2006-07-04 - 3:07 p.m.

free fall

Photobucket - Video and Image Hosting

i can't believe i forgot about posting jin's bday graphic at midnight last night. well okay i guess it's not that unbelievable. way too depressed last night. man i haven't had these serious depression bouts in a while *lol* guess y'all should be glad to see i'm still alive to laugh about it. hmm then again i'm not exactly laughing. i've been pasting on this fake smile on my face all morning to assure my mother i was fine. not that she noticed much either. just that she saw me spacing out a few times.

spent three hours just lying in bed after dinner. felt utterly, utterly hopeless and useless. tearing and tearing. i was like in a daze. couldn't even think. my heart felt like it was doing a free fall and my stomach felt sick. half the time i lay there wishing the roof would just cave in and crash down on me so i could die straight away. i'm usually not a morbid person but well, i felt like hell last night. still feeling extremely lousy today, but i'm choosing to distract myself. kept squeezing the plastic library card in my hand, and eventually rubbing it against my wrist. couldn't feel any pain, just pressure. then i started doing it with the scissors but i stopped before it drew blood. that was how desperate i felt. for me, someone who is totally against SI and whatnot, and is totally big on the good daughter discipline issue, just felt like shit at that time. so much so i nearly cut myself. very gay right.

i've never felt this worried in my life before. not before the release of O's, not before CCE, etc. now i literally feel sick with worry. my eyes are swollen and hurt and my wrist still hurts. so stupid. what's worse is knowing the fact that i am just ARGH FUCKING STUPID AND USELESS. i've never hated a person this much. man. as i was sitting in my mom's car this morning i kept wishing we would have an accident so i could just die immediately. of course i don't want to get mom killed. but just let me die.

sighhhhhhhhhhhhhh.

you want to know why i have such bad sleeping habits? i sleep at 5am all the time and wake up past noon. it's because i'm up watching movies or dramas or crap. the reason behind is that i just don't want to sleep, because once i close my eyes, i feel nothing but fear and anxiety yet again. it feels so bad that i'm suffocating inside. it's like i'm getting choked. so i just distract myself and watch shit until my brain and eyes really get tired and i'm ready to drop dead. then only i can sleep. of course those fcked up dreams are another issue, but at least i'm in slumber. otherwise i'd just be tossing and turning. argh i hate this :'(

i don't know how i can live past the next two days. this does not bode well. if thursday does not turn out well, i'm not sure what i'm going to do. i try to think ahead but i really can't forsee or imagine or even plan what i should do. i'll probably just be paralyzed. maybe i'll die or something. i don't know. maybe i'll lock myself up. or run away. i don't know. neither of these seem like very good options.

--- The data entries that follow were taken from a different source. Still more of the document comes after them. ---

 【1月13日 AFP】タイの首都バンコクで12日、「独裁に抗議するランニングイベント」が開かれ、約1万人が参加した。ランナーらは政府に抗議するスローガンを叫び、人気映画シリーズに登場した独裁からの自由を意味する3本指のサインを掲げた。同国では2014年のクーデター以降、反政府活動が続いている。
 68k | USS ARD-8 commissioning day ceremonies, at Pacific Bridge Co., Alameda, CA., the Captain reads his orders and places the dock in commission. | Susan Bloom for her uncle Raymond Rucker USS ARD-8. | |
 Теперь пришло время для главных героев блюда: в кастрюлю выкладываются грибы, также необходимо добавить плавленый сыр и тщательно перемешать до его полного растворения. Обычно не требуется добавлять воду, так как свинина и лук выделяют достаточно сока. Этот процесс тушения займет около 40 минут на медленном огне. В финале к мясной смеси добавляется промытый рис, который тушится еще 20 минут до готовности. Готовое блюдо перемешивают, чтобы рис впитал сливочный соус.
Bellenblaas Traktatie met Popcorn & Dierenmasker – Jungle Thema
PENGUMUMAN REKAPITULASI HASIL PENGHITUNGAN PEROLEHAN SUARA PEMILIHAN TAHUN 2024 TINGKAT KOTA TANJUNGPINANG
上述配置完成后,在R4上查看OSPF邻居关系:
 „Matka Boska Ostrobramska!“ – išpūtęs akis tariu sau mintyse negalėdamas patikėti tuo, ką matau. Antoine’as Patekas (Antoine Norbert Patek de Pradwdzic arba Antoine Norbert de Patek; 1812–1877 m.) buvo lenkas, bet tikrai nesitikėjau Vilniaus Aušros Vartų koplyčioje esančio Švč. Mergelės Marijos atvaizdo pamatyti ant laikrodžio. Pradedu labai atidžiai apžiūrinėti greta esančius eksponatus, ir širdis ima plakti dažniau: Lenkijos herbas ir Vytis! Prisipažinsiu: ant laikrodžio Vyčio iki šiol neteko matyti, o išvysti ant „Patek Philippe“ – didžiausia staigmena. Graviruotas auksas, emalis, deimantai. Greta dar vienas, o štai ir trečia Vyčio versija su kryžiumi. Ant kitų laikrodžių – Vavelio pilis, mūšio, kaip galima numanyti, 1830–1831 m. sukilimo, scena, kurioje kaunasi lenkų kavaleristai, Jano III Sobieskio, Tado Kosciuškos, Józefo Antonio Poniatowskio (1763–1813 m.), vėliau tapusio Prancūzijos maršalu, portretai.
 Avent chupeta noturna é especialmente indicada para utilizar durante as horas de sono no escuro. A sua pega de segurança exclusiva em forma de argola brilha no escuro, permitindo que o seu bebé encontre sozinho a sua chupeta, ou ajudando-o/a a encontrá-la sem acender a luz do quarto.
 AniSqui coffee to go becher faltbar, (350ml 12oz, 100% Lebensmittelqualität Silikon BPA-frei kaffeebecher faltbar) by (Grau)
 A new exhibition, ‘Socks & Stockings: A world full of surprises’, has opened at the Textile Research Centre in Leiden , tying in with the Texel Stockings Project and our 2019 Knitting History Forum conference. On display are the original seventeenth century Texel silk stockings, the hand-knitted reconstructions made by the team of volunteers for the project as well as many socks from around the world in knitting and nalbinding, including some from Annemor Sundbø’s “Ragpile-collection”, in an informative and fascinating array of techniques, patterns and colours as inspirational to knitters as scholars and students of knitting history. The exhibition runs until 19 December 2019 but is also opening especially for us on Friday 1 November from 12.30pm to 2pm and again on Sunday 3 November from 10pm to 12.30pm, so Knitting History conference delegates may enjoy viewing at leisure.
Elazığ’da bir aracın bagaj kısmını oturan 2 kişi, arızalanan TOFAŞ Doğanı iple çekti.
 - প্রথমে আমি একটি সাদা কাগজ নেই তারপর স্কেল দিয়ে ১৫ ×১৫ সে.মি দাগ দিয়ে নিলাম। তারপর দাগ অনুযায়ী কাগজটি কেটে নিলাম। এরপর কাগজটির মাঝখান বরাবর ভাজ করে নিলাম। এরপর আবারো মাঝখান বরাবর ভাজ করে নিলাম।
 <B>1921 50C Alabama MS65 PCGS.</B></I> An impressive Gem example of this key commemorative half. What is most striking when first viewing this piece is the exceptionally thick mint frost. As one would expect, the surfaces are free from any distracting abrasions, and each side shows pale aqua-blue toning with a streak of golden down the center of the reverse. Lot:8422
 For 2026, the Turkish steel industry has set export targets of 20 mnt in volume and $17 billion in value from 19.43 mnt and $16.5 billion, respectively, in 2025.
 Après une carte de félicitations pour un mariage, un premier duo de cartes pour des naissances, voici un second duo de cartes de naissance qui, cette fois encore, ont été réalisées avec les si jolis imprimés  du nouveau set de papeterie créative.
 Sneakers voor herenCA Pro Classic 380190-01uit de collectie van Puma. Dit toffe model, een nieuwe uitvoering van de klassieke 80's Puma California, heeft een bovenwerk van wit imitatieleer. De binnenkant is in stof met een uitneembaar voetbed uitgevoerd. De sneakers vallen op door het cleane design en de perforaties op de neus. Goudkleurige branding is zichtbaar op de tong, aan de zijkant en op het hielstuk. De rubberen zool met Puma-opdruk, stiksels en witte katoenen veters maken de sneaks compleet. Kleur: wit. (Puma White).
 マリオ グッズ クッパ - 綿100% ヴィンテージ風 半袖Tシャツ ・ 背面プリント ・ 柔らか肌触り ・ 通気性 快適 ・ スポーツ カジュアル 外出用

oh i received the NANA dvd from my dearest jiejie. thank you so much! and also she sponsored me half the cost of the Nightmare photobook, which i finally bought. sakito is just gorgeous. and ruka is so pretty too.

been doing nothing since parents left for work. reading old naito blog entries, bumming around lj communities. my head is started to hurt. feels like i've got cotton wool stuffed up my brain. but i'm sick of just lying in bed like a corpse. cos then i just start thinking about shit and feel even more shitty. feeling so numb right now.

i don't understand how my life could have come to this. and the fact that i am here sounding as though i am self-pitying and whining about whatever torment i'm going through is just pathetic. because i've never been this pathetic before. i've always prided myself in being mentally and emotionally strong and disciplined. i guess i've just got to admit i'm not the perfect daughter my parents want, not the great student my school believes i am, and not the perfect person i wanted myself to become.